Ontario’s family law provides a statutory regime or framework for the orderly division of family property between married spouses. These rules do not apply to common law spouses. The date of marriage and the date of separation are the starting and end points for determining the value of family property. Each of you calculates your net family property by adding the value of all of your property on the date of separation (the valuation day ~ V-Day), subtracting the amount of your debts on V-Day, subtracting the value of property you owned prior to the marriage as at the date of marriage and excluding the value of gifts or inheritances which exist on V-day. The result is your “net family property” (NFP).
Family property means real estate, bank accounts, R.R.S.P.’s, stocks, bonds, businesses, pensions, automobiles, motorcycles, household contents, art, jewelry, furniture, etcetera. The value of gifts and inheritances are excluded. The value of the property owned on V-Day but acquired prior to marriage, other than a matrimonial home, may also be deducted. The onus of providing the value of the asset rests on its owner.
Your Net Family Property is compared to your spouse’s NFP and whoever has the greater NFP, pays one half of the difference to the other, to “equalize” the value of each party’s NFP as a result of the separation.

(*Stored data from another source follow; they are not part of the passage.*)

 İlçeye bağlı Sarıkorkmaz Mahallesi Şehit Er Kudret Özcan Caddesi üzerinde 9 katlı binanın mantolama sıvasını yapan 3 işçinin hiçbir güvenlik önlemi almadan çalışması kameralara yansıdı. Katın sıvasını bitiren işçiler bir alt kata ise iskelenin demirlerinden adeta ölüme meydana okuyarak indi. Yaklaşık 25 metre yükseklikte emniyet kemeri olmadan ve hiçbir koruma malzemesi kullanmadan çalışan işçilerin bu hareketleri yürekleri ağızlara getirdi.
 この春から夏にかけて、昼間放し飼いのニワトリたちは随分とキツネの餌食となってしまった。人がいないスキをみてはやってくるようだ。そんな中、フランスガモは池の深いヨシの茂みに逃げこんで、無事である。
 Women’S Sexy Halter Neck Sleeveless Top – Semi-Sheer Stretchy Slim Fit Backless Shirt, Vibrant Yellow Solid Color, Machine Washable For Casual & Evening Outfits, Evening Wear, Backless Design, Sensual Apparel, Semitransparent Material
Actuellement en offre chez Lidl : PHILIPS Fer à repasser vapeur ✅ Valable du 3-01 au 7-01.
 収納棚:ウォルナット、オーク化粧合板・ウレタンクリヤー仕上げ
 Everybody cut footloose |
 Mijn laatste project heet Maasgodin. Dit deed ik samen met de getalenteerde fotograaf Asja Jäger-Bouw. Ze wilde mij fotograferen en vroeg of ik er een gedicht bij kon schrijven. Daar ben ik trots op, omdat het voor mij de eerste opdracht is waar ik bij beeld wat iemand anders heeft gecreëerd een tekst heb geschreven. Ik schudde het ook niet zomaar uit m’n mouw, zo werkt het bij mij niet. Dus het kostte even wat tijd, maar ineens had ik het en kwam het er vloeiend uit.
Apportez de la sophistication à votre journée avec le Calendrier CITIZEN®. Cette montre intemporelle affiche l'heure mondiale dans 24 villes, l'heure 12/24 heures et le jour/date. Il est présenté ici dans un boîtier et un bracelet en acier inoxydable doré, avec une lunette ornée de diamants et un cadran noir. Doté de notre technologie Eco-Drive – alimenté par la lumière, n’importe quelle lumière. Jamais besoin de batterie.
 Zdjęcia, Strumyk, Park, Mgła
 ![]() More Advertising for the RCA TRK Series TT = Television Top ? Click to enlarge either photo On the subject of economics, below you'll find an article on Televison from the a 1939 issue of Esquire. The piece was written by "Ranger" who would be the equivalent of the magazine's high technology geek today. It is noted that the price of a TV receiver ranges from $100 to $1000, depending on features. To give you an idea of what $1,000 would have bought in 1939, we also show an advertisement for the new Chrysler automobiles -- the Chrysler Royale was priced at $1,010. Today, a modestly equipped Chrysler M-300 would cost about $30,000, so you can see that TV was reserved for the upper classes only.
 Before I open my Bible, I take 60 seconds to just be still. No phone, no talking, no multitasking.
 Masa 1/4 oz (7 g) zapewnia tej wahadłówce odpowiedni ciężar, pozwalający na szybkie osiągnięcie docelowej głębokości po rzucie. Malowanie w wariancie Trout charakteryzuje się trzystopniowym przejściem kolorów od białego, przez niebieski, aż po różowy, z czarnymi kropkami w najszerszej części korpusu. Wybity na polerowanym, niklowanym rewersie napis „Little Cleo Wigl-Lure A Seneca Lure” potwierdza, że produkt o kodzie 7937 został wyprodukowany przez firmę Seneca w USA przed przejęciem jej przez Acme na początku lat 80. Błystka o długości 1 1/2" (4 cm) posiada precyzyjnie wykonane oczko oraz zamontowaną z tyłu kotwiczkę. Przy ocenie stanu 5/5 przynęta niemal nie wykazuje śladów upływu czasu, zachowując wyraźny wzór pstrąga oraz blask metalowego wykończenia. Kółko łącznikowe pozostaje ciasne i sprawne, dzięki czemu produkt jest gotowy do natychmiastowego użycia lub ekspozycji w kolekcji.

The equalization payment can be made in cash or by transferring assets like R.R.S.P.’s or other property. The division of the value of your property in this way whether by Court Order or by agreement will be final.
Please Note: This information is not intended to contain advice specific to your situation. There are no cookie cutter solutions. After all, you are reading this information on the internet. Your situation is special and unique and you must be guided by specific individual advice from your Lawyer, Certified Financial Planner or Accountant.